Evidence-based werken: wat is dat eigenlijk?

Hoe bepaalt onze keuze voor methoden de ‘evidentie’ die we eruit halen?

Welke invloed hebben methoden dan op hoe we onze praktijken vormgeven?

Op welke limieten stuiten we daarin?

We kiezen er in dit themanummer ook voor om geen antwoord te pre-formuleren op onze vragen hierboven. Waarom? Omdat – zoals Danielle Oprel herkenbaar beschrijft in haar column – de methodensectie vaak wordt overgeslagen met het idee: de onderzoekers zullen de state-of-the-art wel gevolgd hebben, dus ik kijk vooral naar de bevindingen en de relevantie voor mijn dagelijks handelen. En dat is ook logisch: ieder haar job. Maar! Voor een echte evidence-based practice moeten we als beroepsgroep juist ook bewustzijn ontwikkelen over hoe evidentie geproduceerd wordt, welke waarden daarin meespelen en welke vragen er wel en niet mee beantwoord kunnen worden.
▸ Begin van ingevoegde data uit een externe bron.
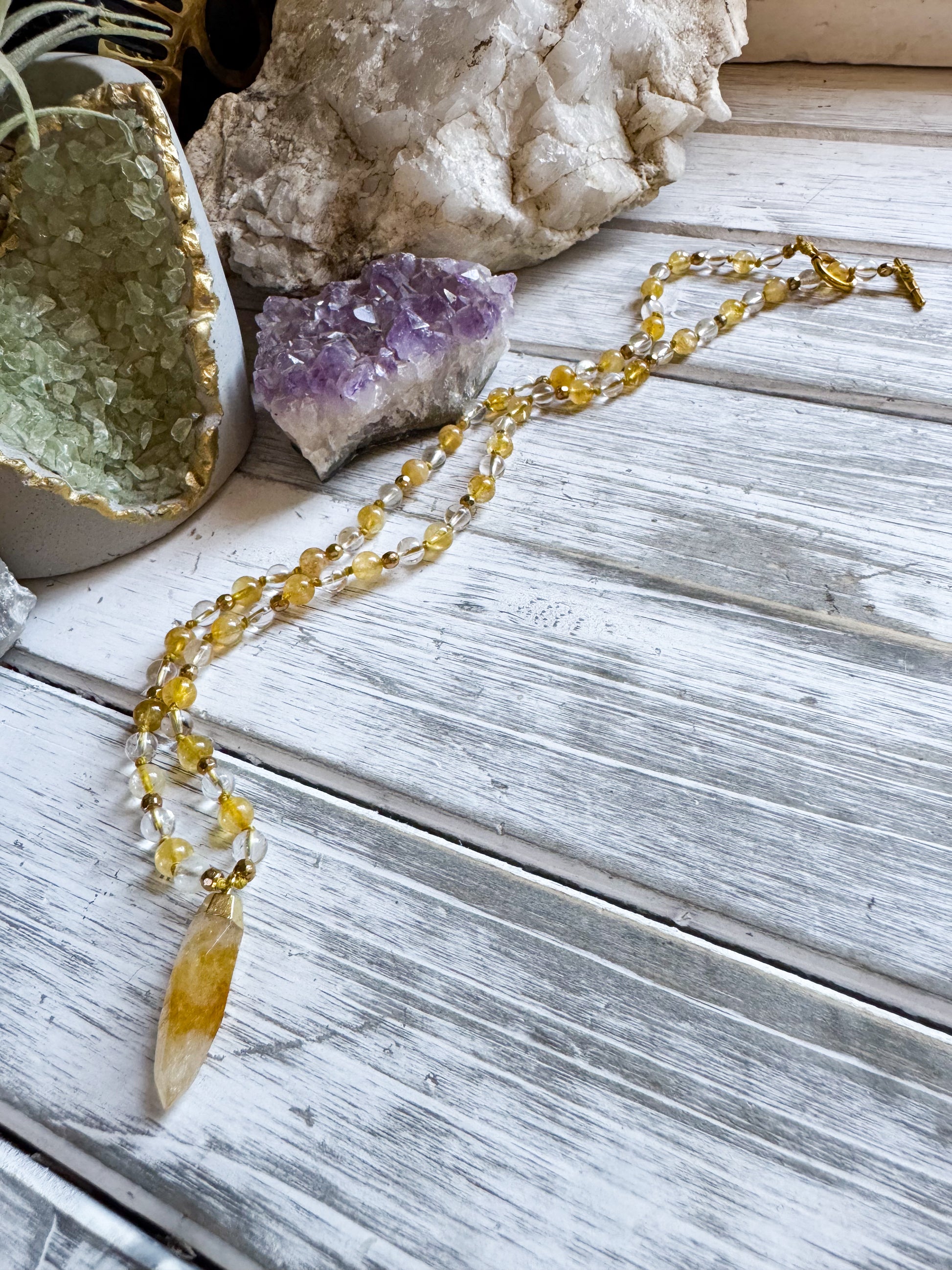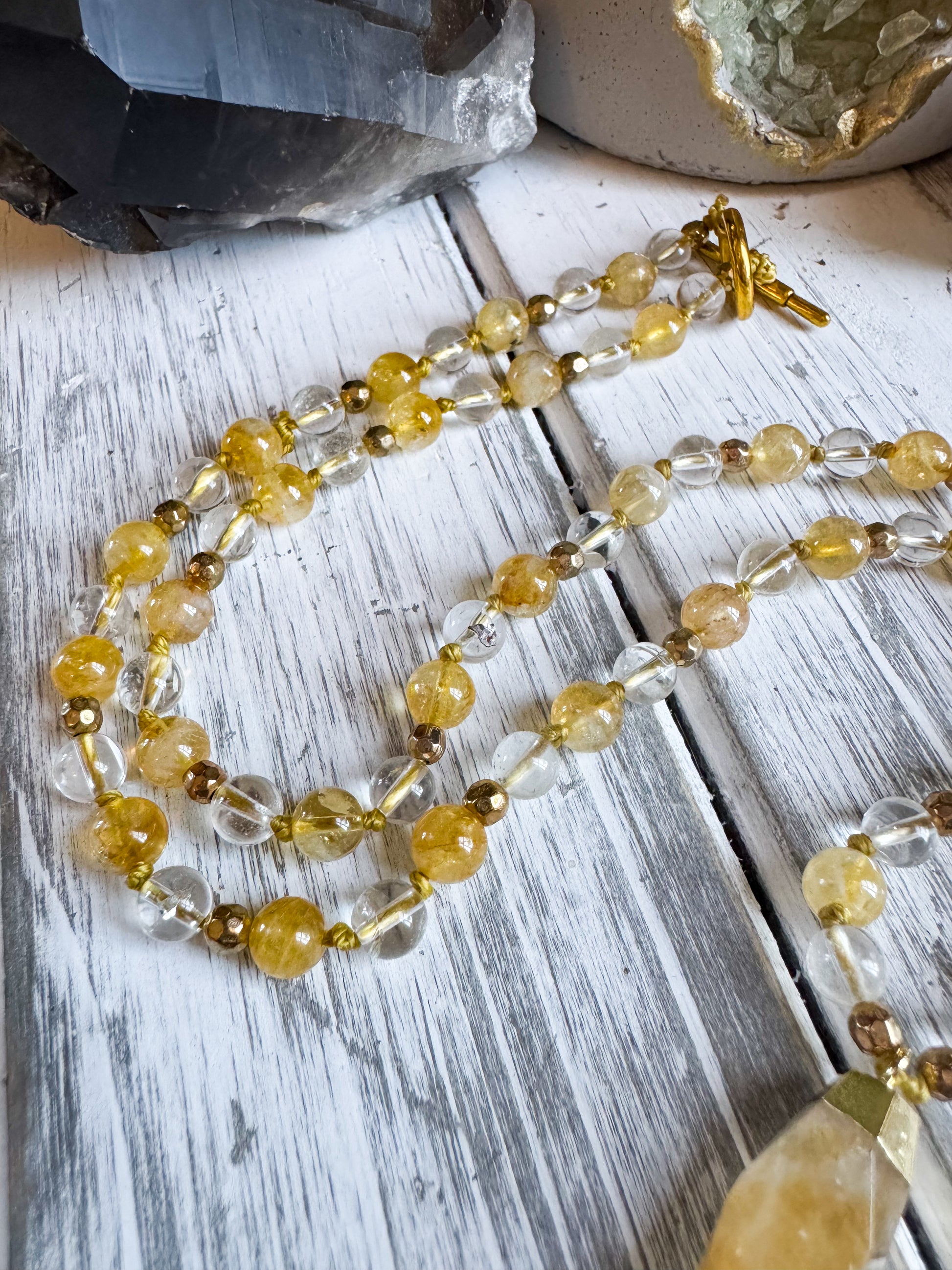 Materials: Handmade with genuine Citrine and Clear Quartz beads, featuring a raw Citrine point pendant.

Met deze denkoefening roepen we in dit nummer op tot reflexieve evidence-based practice. Reflexief wil zeggen dat je je als onderzoeker of als professional die evidence-based werkt, bewust bent van jouw rol in het produceren, toepassen, rechtvaardigen en blijven bevragen van evidentie. Iedereen die in de praktijk in aanraking komt met wetenschappelijke evidentie heeft de verantwoordelijkheid (en mogelijkheid!) om te reflecteren over wat als evidentie wordt geaccepteerd. Juist vakgenoten zouden hun stem hierin moeten laten horen, als de professionals in de praktijk die de nuances, de processen, de alarmsignalen en de subtiliteit en reikwijdte van ‘therapiesucces’ kennen. En dat daar oor naar is, bleek wel tijdens de Dag van de Psychotherapie, afgelopen december in de Amsterdamse Beurs van Berlage. We eindigen dit themanummer dan ook met een verslag van de Dag (door Maud Schaepkens, Frank van der Horst, Sjoerd Colijn en Hanneke Bot), waar het bruiste van energie en enthousiasme om kritisch-nieuwsgierig te reflecteren op de veelzijdige fundamenten van ons veld.

Literatuur

Hill, C. (2012). Interview with Clara E. Hill about Consensual Qualitative Research. Geraadpleegd op 18-1-2024 van https://www.apa.org/pubs/books/interviews/4313031-hill

Femke Truijens, Assistant Professor Klinische Psychologie, (Kwalitatieve) Methodologie en Wetenschapsfilosofie,
Erasmus Universiteit Rotterdam & Universiteit Gent. Oprichter & Hoofdonderzoeker Meaningful Measurement (MEANS) Lab. Oprichter & Voorzitter Kwalitatief Onderzoekscollectief GGZ (KOG).